* Task objective
Retype the opening lines of the data exactly, stopping after the line that contains "カーディガン ゴールドボタンケーブルニットカーディガン レディース". Skip every picture.
+++++
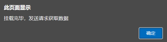 <!DOCTYPE html> <html lang="en"> <head> <meta charset="UTF-8"> <meta name="viewport" content="width=device-width, initial-scale=1.0"> <title>Document</title> <script src="https://cdn.jsdelivr.net/npm/vue/dist/vue.js"></script> </head> <body> </body> <script> new Vue({ el:"#app", data:{ }, mounted() { alert("挂载完毕,发送请求获取数据") }, methods: { }, }) </script> </html>运行结果:
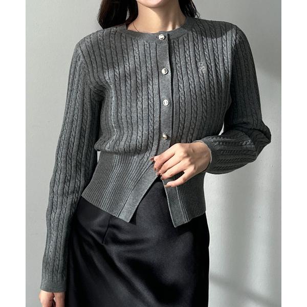 カーディガン ゴールドボタンケーブルニットカーディガン レディース
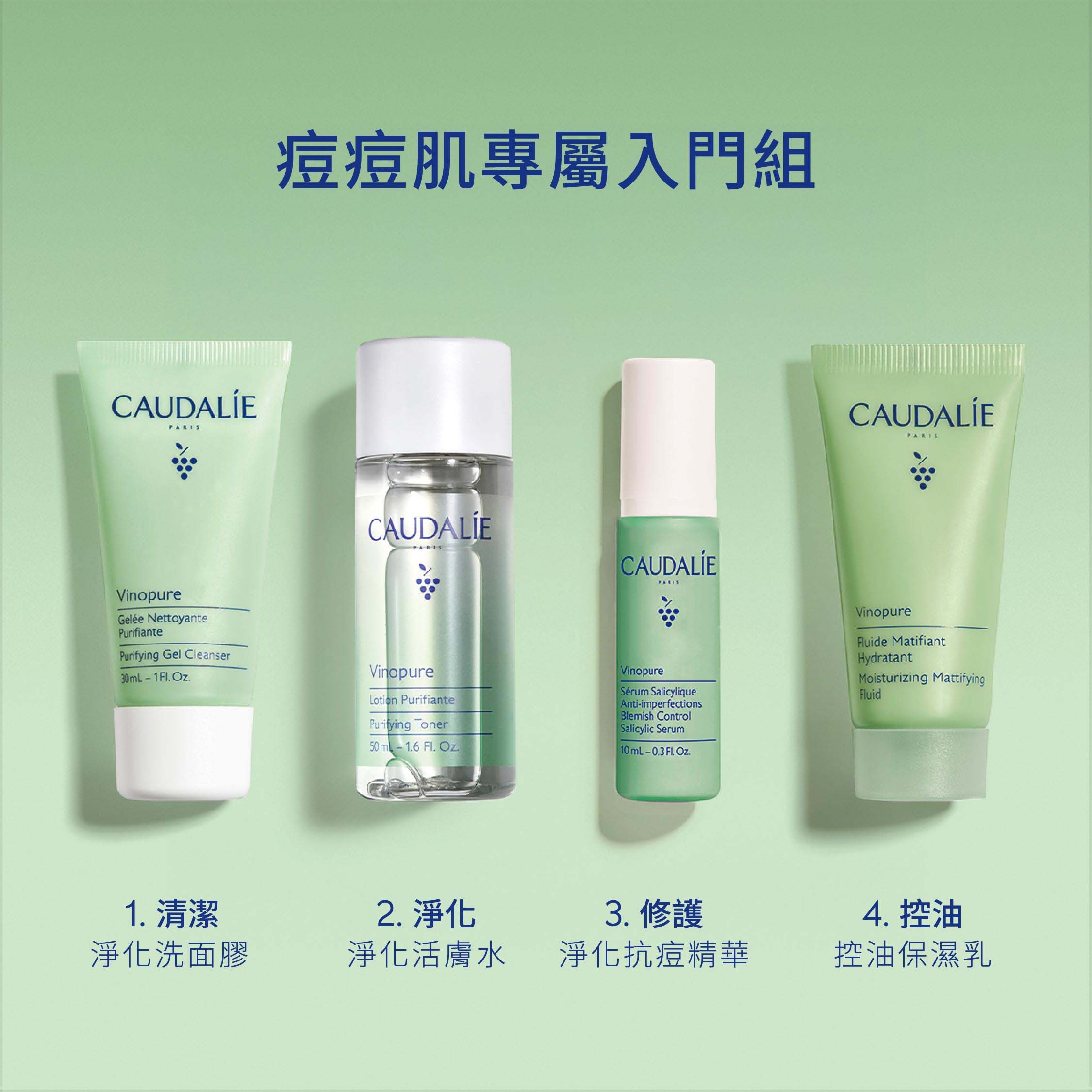 商品內容名稱:【Caudalie歐緹麗】葡萄籽毛孔淨化入門組從 葡萄籽毛孔淨化系列 四步驟旅行組開始,開啟你的淨化保養程序。此組合方便攜帶,無論在家或外出皆可使用,是體驗此系列的完美入門款。葡萄毛孔淨化洗面膠 30ml深層清潔、緊緻毛孔、去除多餘皮脂,同時不造成乾燥。葡萄毛孔淨化活膚水 50ml緊緻毛孔、減少瑕疵,明顯改善肌膚油光。肌膚潔淨、清透、呈現霧面膚質。葡萄籽淨化抗痘精華 10ml無反彈效果溫和改善瑕疵,暢通並收斂毛孔,細緻肌膚。葡萄籽抗痘控油保濕乳 15ml減少瑕疵與多餘油脂。不再泛油光,保濕肌膚、展現清爽健康透亮。配方特色不致粉刺、經皮膚科測試認證、純素配方、不含 PEG、不含合成香料肌膚類型:混合性至油性肌膚需求:易長痘肌膚主要成分:天然水楊酸、菸鹼醯胺、葡萄多酚使用時間:早晚皆可
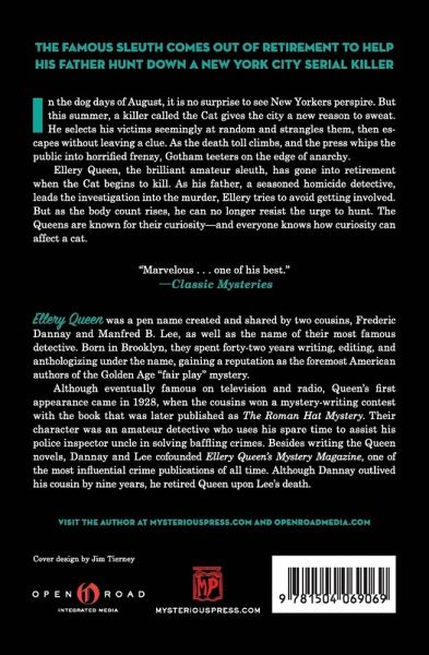 The famous sleuth comes out of retirement to help his father hunt down a New York City serial killer: "Marvelous . . . one of his best" (Classic Mysteries). In the dog days of August, it is no surprise to see New Yorkers perspire. But this summer, a killer called the Cat gives the city a new reason to sweat. He selects his victims seemingly at random and strangles them, then escapes without leaving a clue. As the death toll climbs, and the press whips the public into horrified frenzy, Gotham teeters on the edge of anarchy. Ellery Queen, the brilliant amateur sleuth, has gone into retirement when the Cat begins to kill. As his father, a seasoned homicide detective, leads the investigation into the murder, Ellery tries to avoid getting involved. But as the body count rises, he can no longer resist the urge to hunt. The Queens are known for their curiosity--and everyone knows how curiosity can affect a cat.
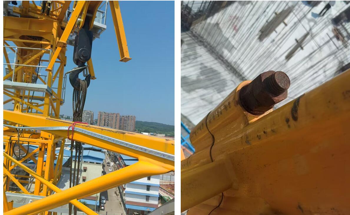 11.塔机标节部分螺栓锈蚀未润滑,力矩限位无80%报警预警,无减速。
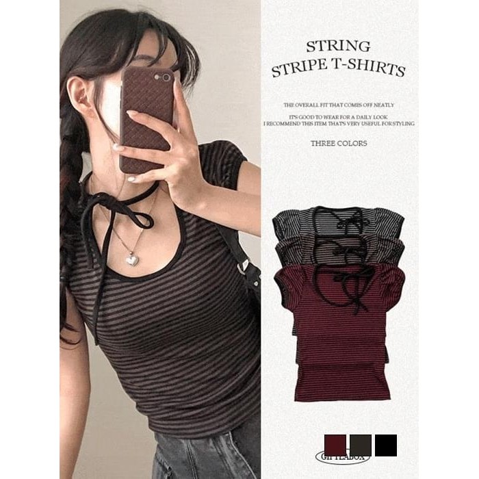 Codibook|韓國 gifteabox 綁帶條紋U領泡泡袖短版T恤[預購]短袖上衣 T恤 女裝紅酒,FREE|咖啡色,FREE|黑色,FREET-shirtsCodibook 韓國女裝購物平台
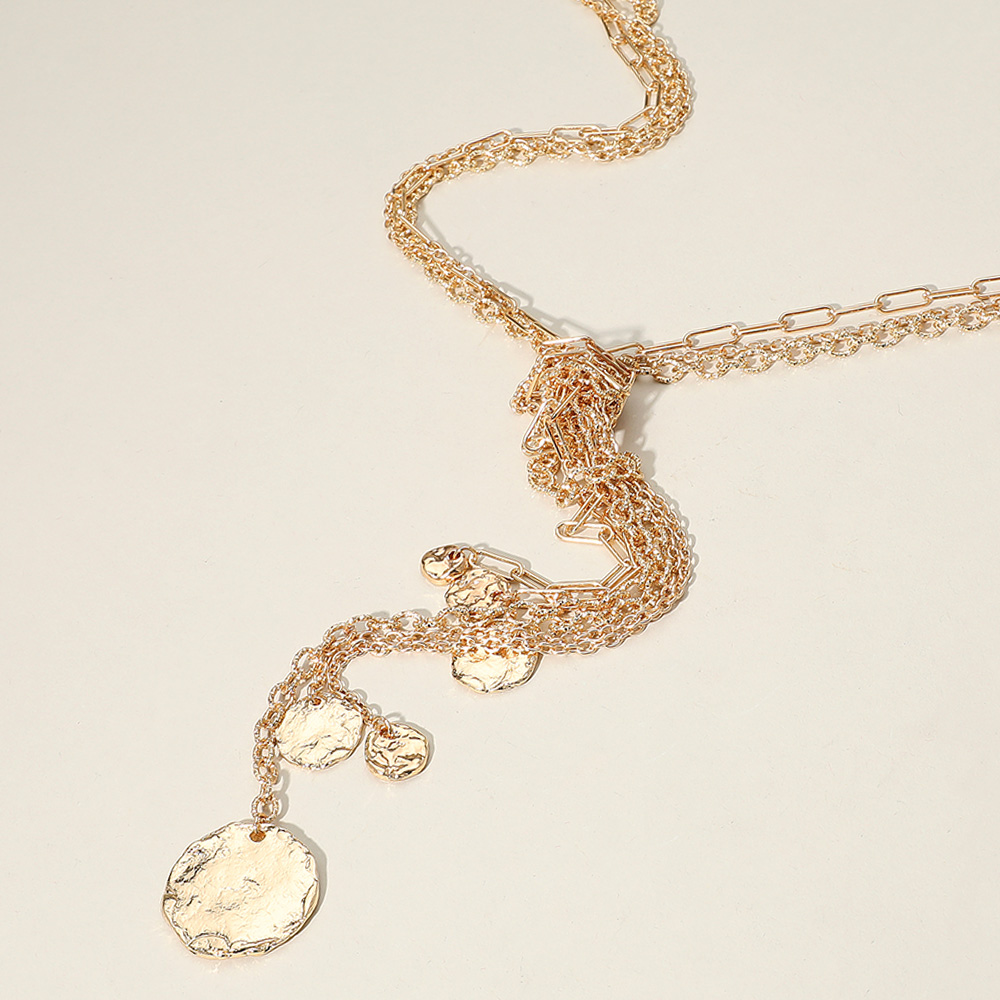 Multi Hammered Metal Coin Drop Pendant Various Chain Layered Necklace
+++++
* Solution
 <!DOCTYPE html> <html lang="en"> <head> <meta charset="UTF-8"> <meta name="viewport" content="width=device-width, initial-scale=1.0"> <title>Document</title> <script src="https://cdn.jsdelivr.net/npm/vue/dist/vue.js"></script> </head> <body> </body> <script> new Vue({ el:"#app", data:{ }, mounted() { alert("挂载完毕,发送请求获取数据") }, methods: { }, }) </script> </html>运行结果:
 カーディガン ゴールドボタンケーブルニットカーディガン レディース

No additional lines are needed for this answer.